Source data –
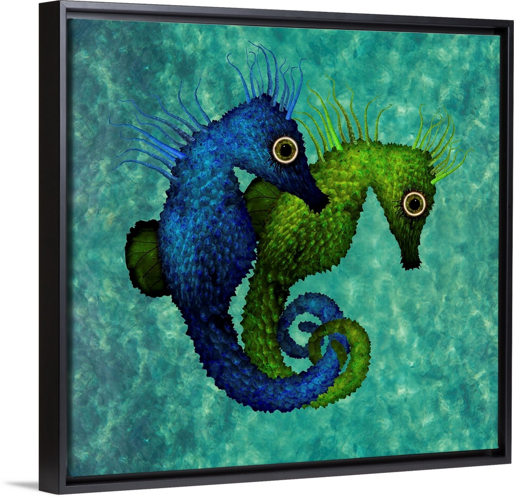 <p>These two beautiful seahorses live together in the beautiful blue ocean.</p>
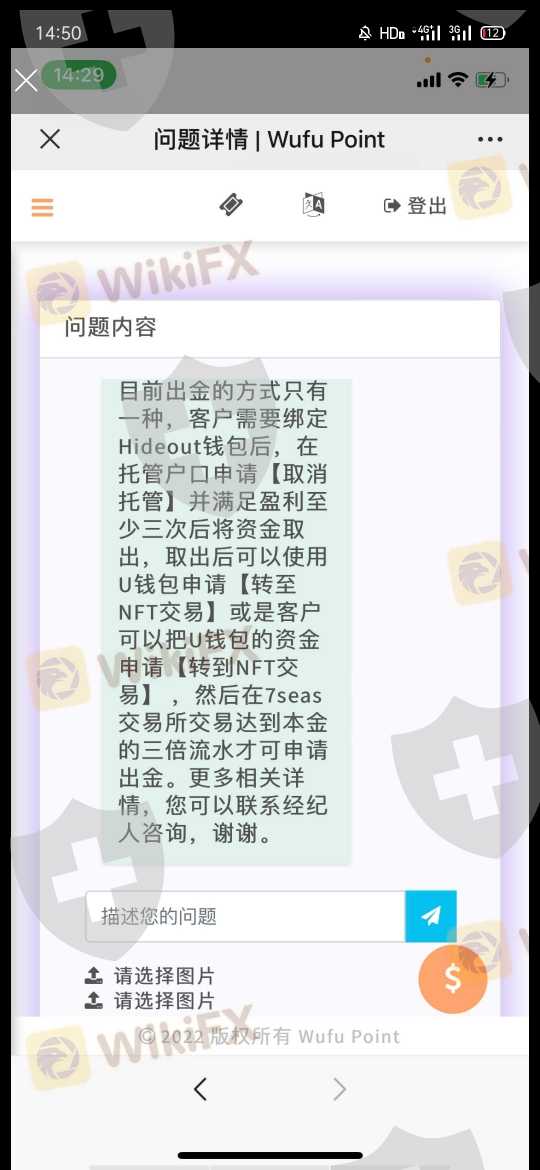 无法出金,说的团队解决,等3天,已经等了半个月了,团队人热联系不上,骗子平台,MT5也是假的,一问同行,说的是虚拟平台,为了骗钱也是费进心机了,
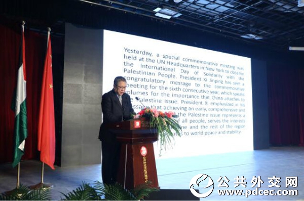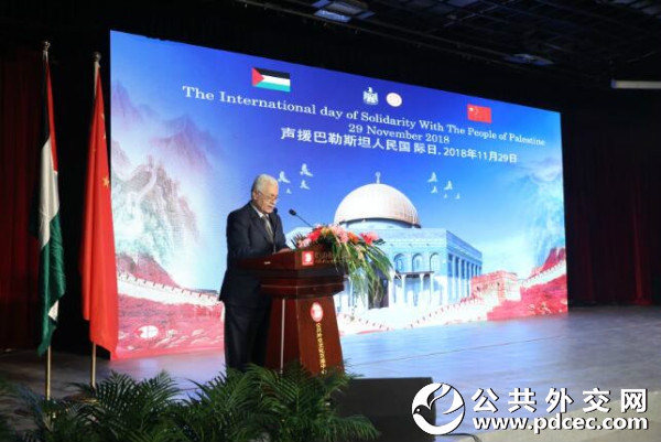 【公共外交网讯】2018年11月29日,在声援巴勒斯坦人民国际日暨中国巴勒斯坦建交30周年到来之际,巴勒斯坦驻华使馆、阿盟驻华代表处和中国人民对外友好协会、公共外交文化交流中心在“永久的‘阿拉伯之家’”举办纪念活动。
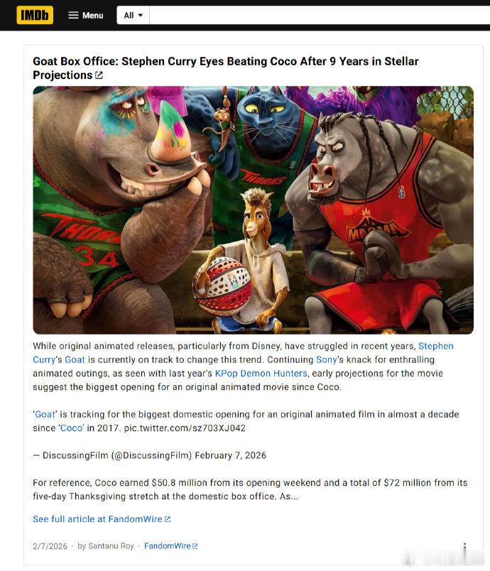 库里制片动画评级给到夯库里又赢了,这次不在球场在制片间!《奇迹梦之队》烂番茄86%新鲜度,外网自来水按头安利停不下来。被评“迪士尼该学学的动画”,篮球迷跪求加场。首周末票房挑战《寻梦环游记》
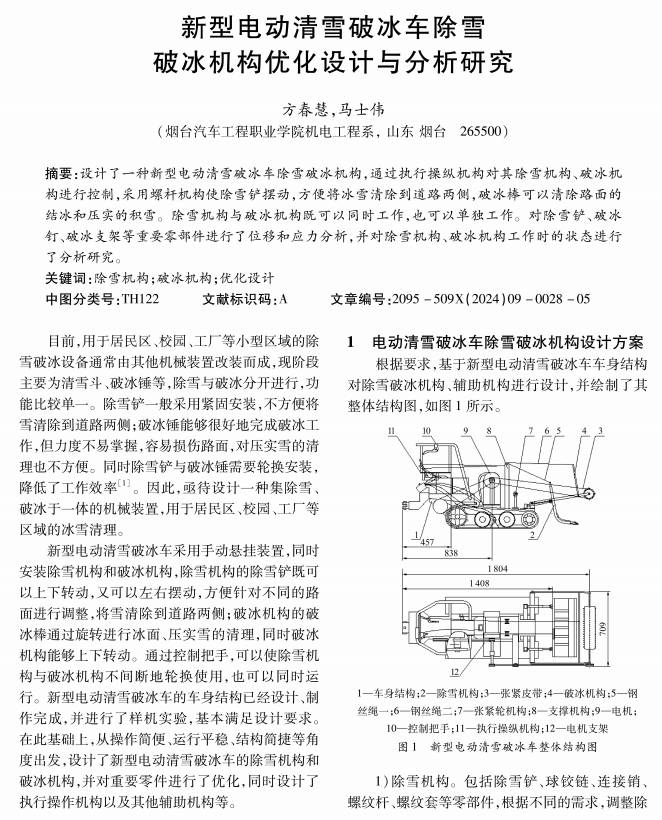 新型电动清雪破冰车除雪 破冰机构优化设计与分析研究
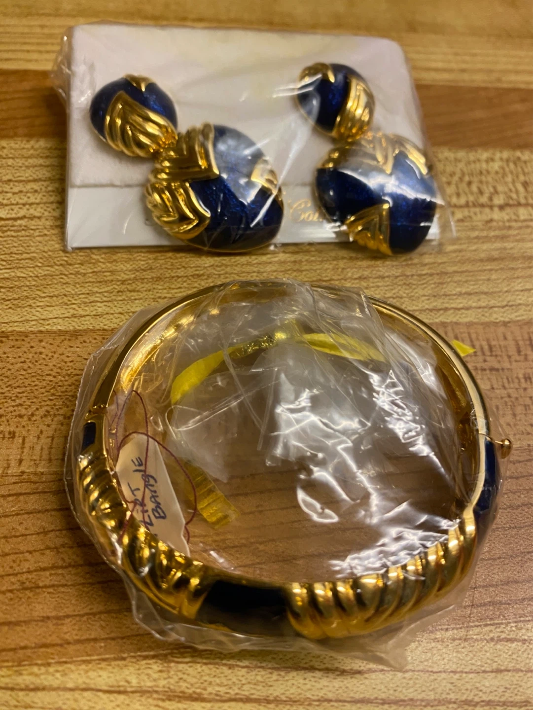 A set including a dark blue and gold tone bracelet with matching clip-on earrings. These pieces have a glossy blue enamel finish with gold tone metal accents.
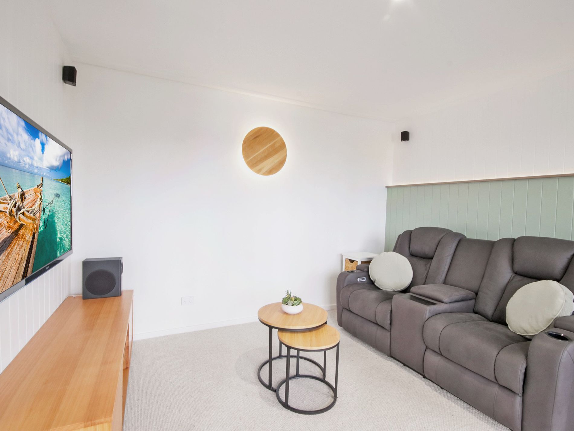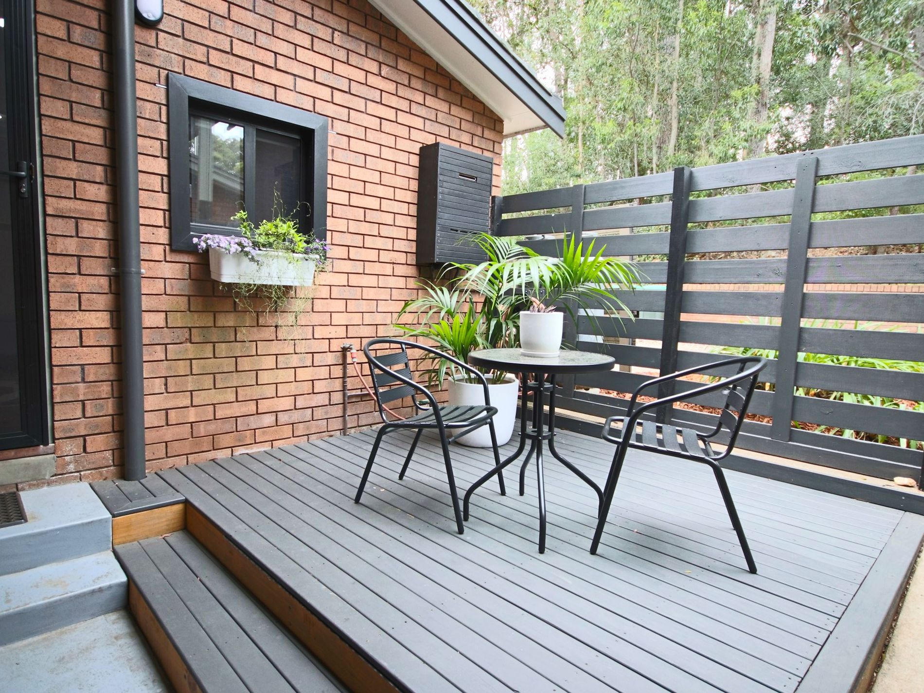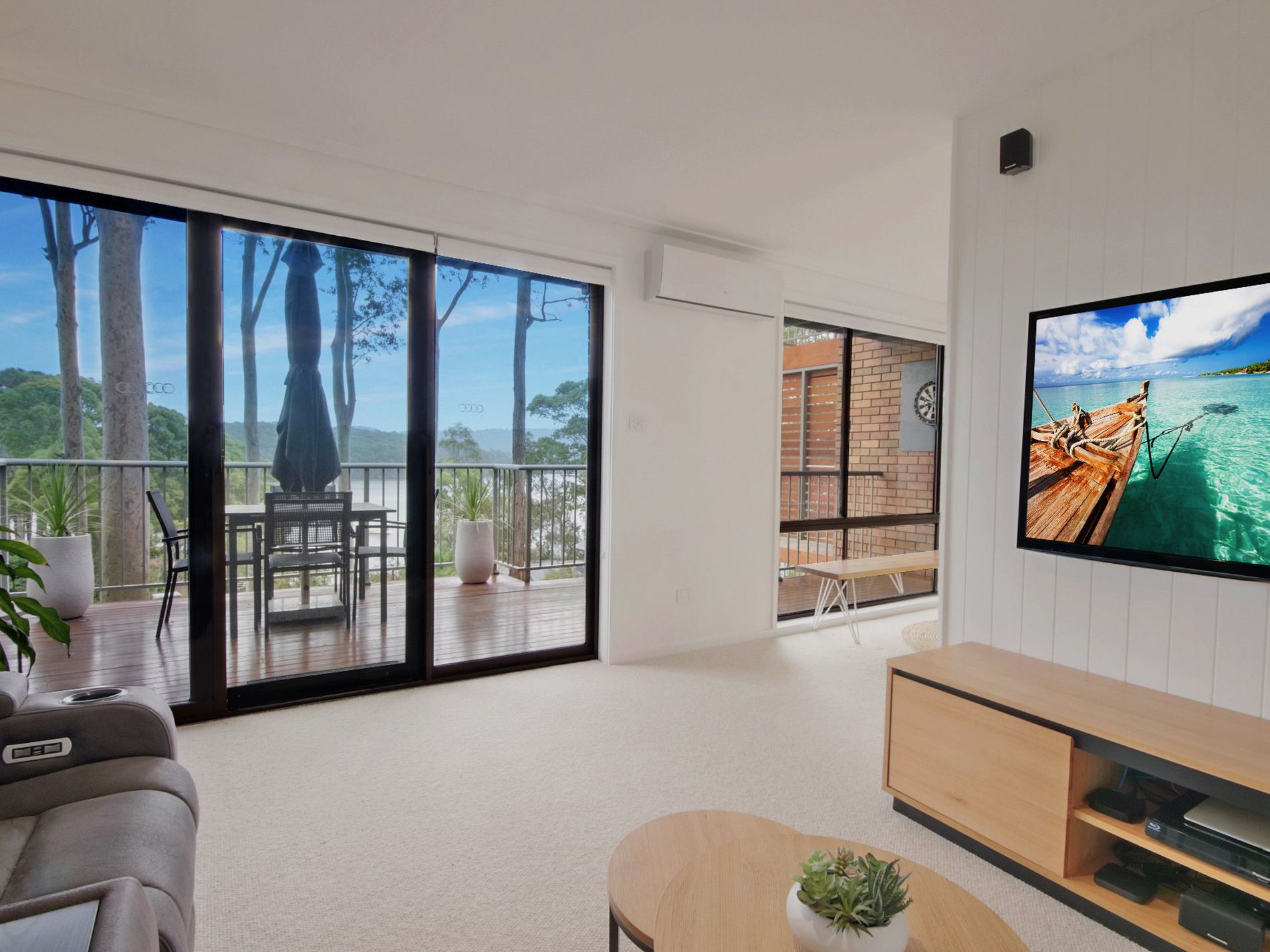 On entry, you are welcomed by a modern staircase leading you downstairs to the kitchen and living area, complete with a separate powder room. Step out from the living area onto the deck where you can enjoy the water views. It’s the perfect spot to relax, unwind, or entertain.

Goal of the exercise –
In the data above, the stretch from the line with "库里制片动画评级给到夯库里又" through the line with "A set including" is to be returned exactly, minus any pictures.

Answer box –
 库里制片动画评级给到夯库里又赢了,这次不在球场在制片间!《奇迹梦之队》烂番茄86%新鲜度,外网自来水按头安利停不下来。被评“迪士尼该学学的动画”,篮球迷跪求加场。首周末票房挑战《寻梦环游记》
 新型电动清雪破冰车除雪 破冰机构优化设计与分析研究
 A set including a dark blue and gold tone bracelet with matching clip-on earrings. These pieces have a glossy blue enamel finish with gold tone metal accents.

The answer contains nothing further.